Assisi, l’umanità ha sete di pace
“Lo spirito di Assisi ha 30 anni, ma è ancora giovane, fragile, ha energia ma deve crescere”. Lo dice con convinzione monsignor Matteo Zuppi, neo arcivescovo di Bologna, intervenendo al grande incontro delle religioni che la Assisi di san Francesco sta ospitando, da domenica 18 fino a oggi 20 settembre.
Organizzato dalla Comunità di Sant’Egidio, dalla diocesi di Assisi e dalle famiglie francescane, l’evento, titolato “Assisi 30. Sete di pace” ha il suo apice oggi, con la presenza di papa Francesco, per la terza visita del Pontefice nella città del santo di cui porta il nome.
Che cosa fanno tanti leader religiosi riuniti insieme a 30 anni da quella prima volta (era il 1986), invitati da san Giovanni Paolo II? Lo ha spiegato proprio il Papa, nell’omelia a Santa Marta, questa mattina, prima di partire in elicottero per l’Umbria: “Oggi, uomini e donne di tutte le religioni, ci recheremo ad Assisi. Non per fare uno spettacolo: semplicemente per pregare e pregare per la pace”. Una preghiera che deve essere per tutti, sottolinea il Papa, che ha invitato “i cattolici, i cristiani, i credenti e tutti gli uomini e le donne di buona volontà, di qualsiasi religione, a pregare per la pace”, giacché “il mondo è in guerra! Il mondo soffre!”.
“Che il Signore ci dia pace nel cuore, ci tolga ogni voglia di avidità, di cupidigia, di lotta. No! Pace, pace! Che il nostro cuore sia un cuore di uomo o di donna di pace. E oltre le divisioni delle religioni: tutti, tutti, tutti! Perché tutti siamo figli di Dio. E Dio è Dio di pace. Non esiste un dio di guerra: quello che fa la guerra è il maligno, è il diavolo, che vuole uccidere tutti”.

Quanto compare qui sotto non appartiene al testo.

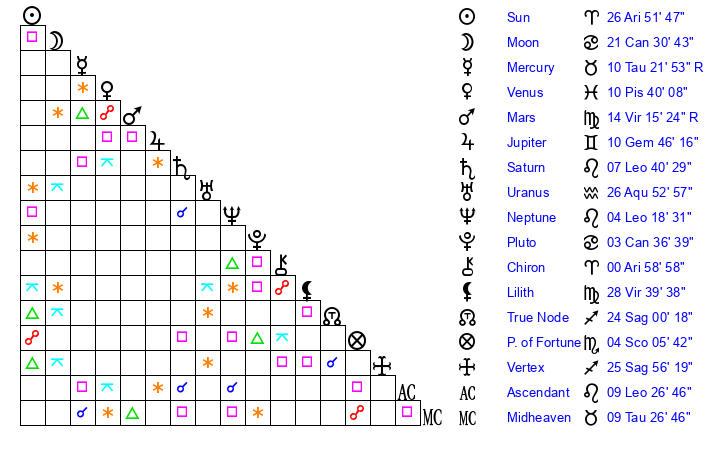 | Sun | 26 Aries 52 | 27 Aries 56 | 9 Leo 33 |

Sono parole nette, che tornano anche tra i numerosi rappresentanti religiosi convenuti in Assisi. Così ad esempio Mohammad Sammak, consigliere del gran muftì del Libano, interpellato in merito al terrorismo islamico. Commentando l’assassinio di padre Jacques Hamel in Francia, lo definisce “un atto satanico. Solo chi segue satana commette omicidi di questo tipo. E non c’entra nulla con la religione”.
Molto intenso pure l’intervento di Muhammad Azad Abdul Khabir, grande imam della moschea di Lahore, Pakistan, che si chiede: “Quando tutte le scritture religiose del mondo dicono unanimemente che uccidere un individuo è come uccidere l’umanità intera, perché accade questo nella nostra epoca civilizzata e moderna?”. Il Pakistan, poi, è una delle nazioni dove la libertà religiosa è un traguardo tutto da raggiungere, e dove di “spirito di Assisi” ci sarebbe un grande bisogno. Ne è ben cosciente Muhammad Azad Abdul Khabir, che racconta: “In qualunque luogo e in qualunque momento in Pakistan lo spirito di Assisi è stato messo in discussione, ferito o sconvolto da una situazione indesiderata o da una tragedia, che fosse la tragedia di Joseph Colony, Sangala Hill, Kot Radha Kishan, l’attacco alla chiesa Yohanna Abad, l’attacco alla chiesa di Gujra o di Peshawar, io insieme ai miei più stretti amici e alleati siamo andati lì ad aiutare le vittime. Questo è il modo di aiutare lo spirito dei grandi individui; questo è l’insegnamento del mio Libro sacro, il Corano, e del Profeta Muhammad – la pace sia su di Lui”.
Come spesso accade, in un ambiente di grande spiritualità, che sia Assisi o altri, sembra “più facile” essere nella pace. Per assurdo, non si sente “sete di pace” ad Assisi: ci si abbevera in vista del ritorno tra le proprie comunità e i propri fedeli. Il mondo ha sete di pace, e di preghiera per la pace: siamo tutti coinvolti.